The Message Bible says this:

Isaiah 55:8-9 (MSG)

 “I don’t think the way you think.
The way you work isn’t the way I work.”
God’s Decree.
“For as the sky soars high above earth,
so the way I work surpasses the way you work,
and the way I think is beyond the way you think.

The New Living Translation puts it this way:

 “My thoughts are nothing like your thoughts,” says the LORD. “And my ways are far beyond anything you could imagine.  9 For just as the heavens are higher than the earth, so my ways are higher than your ways and my thoughts higher than your thoughts.

These verses point out distinctions between the thoughts and ways of God and the thoughts and ways of people. The term “way” in the Old Testament is translated from the Hebrew word derek, meaning “way, road, path, distance, journey, manner” and also referred to as a direction, manner, habit, way of life, a course of life or mode of action, a lifestyle. In the New Testament, the Greek word hodos is translated “a way, a travelled way, road, and when used as a metaphor it means “a course of conduct” “a way (i.e., manner of thinking, feeling, deciding).

The passage from Isaiah 55 speaks of “the ways of God” and “the ways of man,” as we see a notable contrast between the two.

2 Samuel 22:31 and Psalm 18:30 provide the same rendering in the New King Version:

As for God, His way is perfect; the word of the Lord is proven; He is a shield to all who trust in Him.

Jeremiah 10:23 provides this reminder:

O Lord, I know the way of man is not in himself; It is not in man who walks to direct his own steps.

The Prophet Isaiah also makes known:  “All we like sheep have gone astray; We have turned, every one, to his own way.” The difference is striking, indeed.

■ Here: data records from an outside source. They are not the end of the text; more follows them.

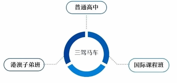 在所有中外合作办学项目中, 我校是广州市一所同时开设三个国际课程体系的市属 国际学校 , 包括AP美式课程、A-Level英式课程以及DSE香港中学文凭课程。在提供纯正美高/英高课程的同时,将国际教育与中国传统文化相结合,学生可根据个人兴趣爱好和未来发展意向,选择符合自身需求的相关课程,以满足个性化发展需求。
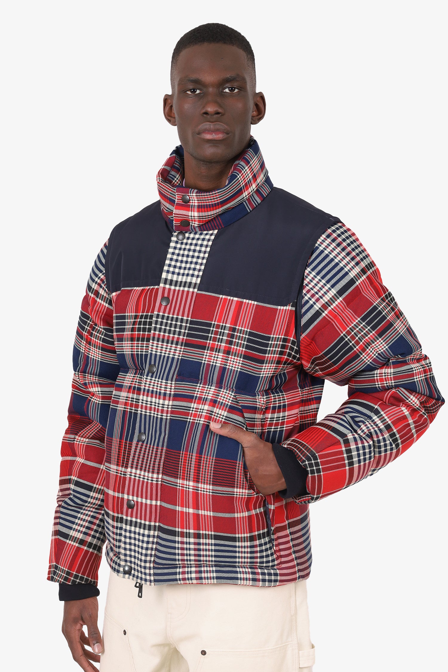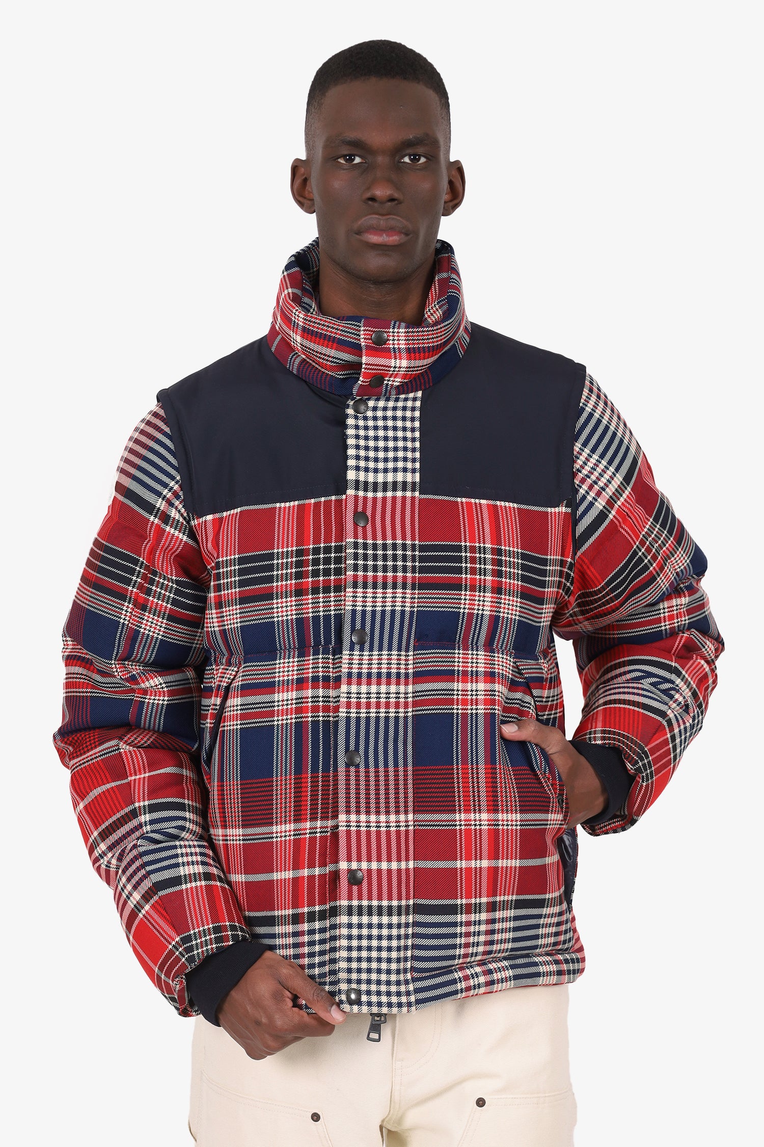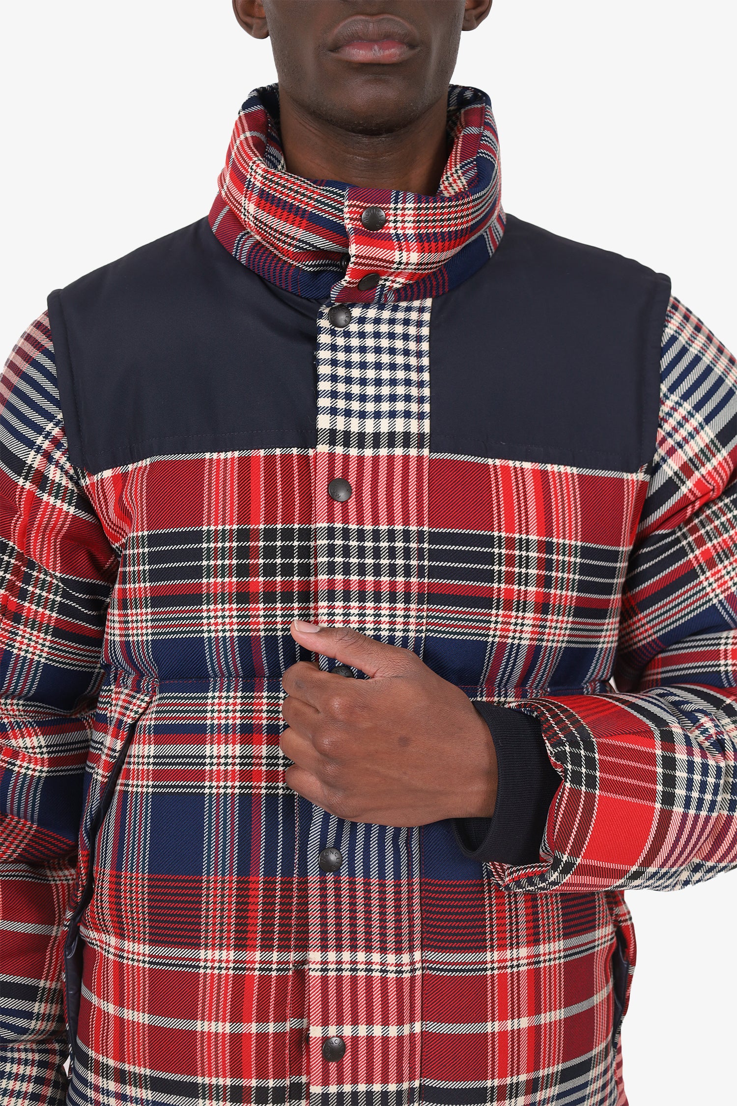 Moncler Red Plaid Detachable Sleeve 'Kerleo' Down Puffer Jacket Size 3 Mens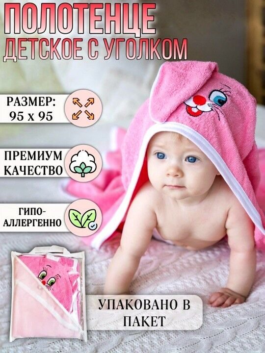 Уголок махровый детский "Ушастик"-РОЗОВЫЙ 95*95 см. хлопок 100%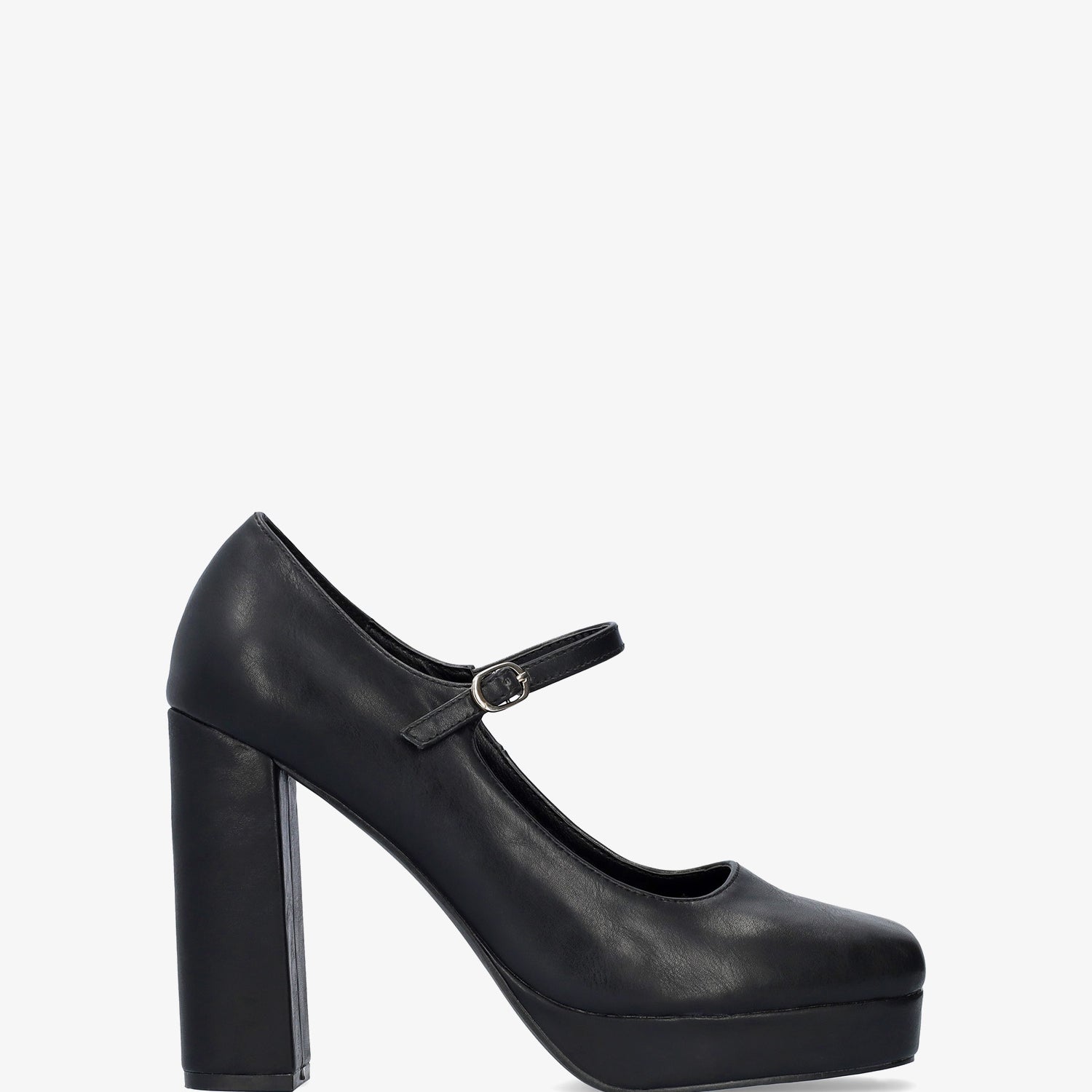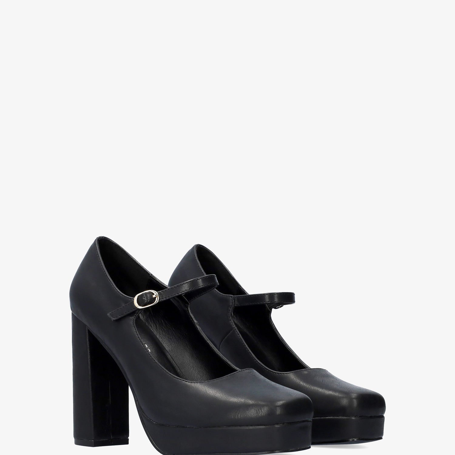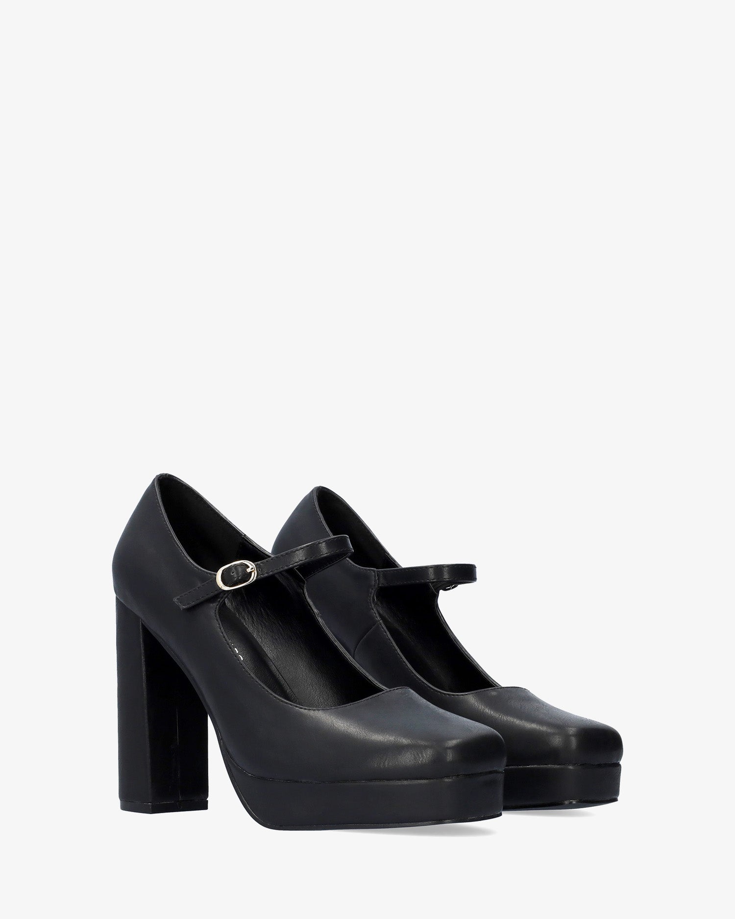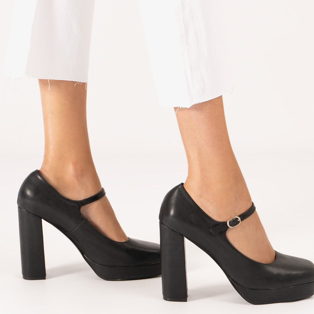 Mary Jane style heeled shoes in black coloured soft material. The design features a squared toe and a strap over the vamp which finishes with a metallic buckle. The lined high heel measures 11cm / 4,33" and the platform 2cm / 0,78" for small sizes from 32 to 35 and 12cm / 4,72" heel & 2,5cm / 0,98" platform for large sizes from 42 to 45.

The ways of God are righteous altogether; whereas the way of man are wicked and unrighteous.

The Verse of the Day from Isaiah 55 encourages the people of God to turn from their own unrighteous ways and follow the ways of God who is rich in mercy and who will abundantly pardon.

A series of posts on the will of God also speaks of the will of God as a path that believers should ever seek to follow. To follow the will of God is to decide which path we are going to take. Many times it is easier to follow our own path and seek our own way rather than God’s way or God’s will. Like the Psalmist, we should choose to follow the path of truth, and when we choose to follow that path, we take comfort in knowing that as for God, His way is perfect. The following anonymous poem also provides assurance as to where the path that is the will of God will take us.

The Will of God

Author: Unknown
The will of God will never take you,
Where the grace of God cannot keep you.
Where the arms of God cannot support you,
Where the riches of God cannot supply your needs,
Where the power of God cannot endow you.

The will of God will never take you,
Where the spirit of God cannot work through you,
Where the wisdom of God cannot teach you,
Where the army of God cannot protect you,
Where the hands of God cannot mold you.

The will of God will never take you,
Where the love of God cannot enfold you,
Where the mercies of God cannot sustain you,
Where the peace of God cannot calm your fears,
Where the authority of God cannot overrule for you.

The will of God will never take you,
Where the comfort of God cannot dry your tears,
Where the Word of God cannot feed you,
Where the miracles of God cannot be done for you,
Where the omnipresence of God cannot find you.

We conclude with musical summary of the Verse of the Day:  Indeed, His thoughts and ways are not our thoughts and ways, as this Christian Worship and Scripture Song from Isaiah 55:6-9 reminds us:

Follow the path of truth: God will make a way

July 21, 2017

In Psalm 119:30 in the Amplified Bible we find the Verse of the Day for July 21, 2017:

I have chosen the faithful way; I have placed Your ordinances before me.

The New King James Version says this:

I have chosen the way of truth; Your judgments I have laid before me.

In the Old Testament the word “way” is translated from the Hebrew word derek, meaning “way, road, path, distance, journey, manner.” It is also referred to as direction, manner, habit, way of life, a course of life or mode of action, a lifestyle.
The reference to “the way of truth” brings to mind an earlier blog entry in which I discussed “The Will of God,” using the analogy of the will of God being a road, a path or a way. Looking at the Hebrew word derek which is translated “way, road, path, distance, journey, manner,” enhances our understanding of this concept. It is also referred to as direction, manner, habit, way of life, a course of life or mode of action, a lifestyle.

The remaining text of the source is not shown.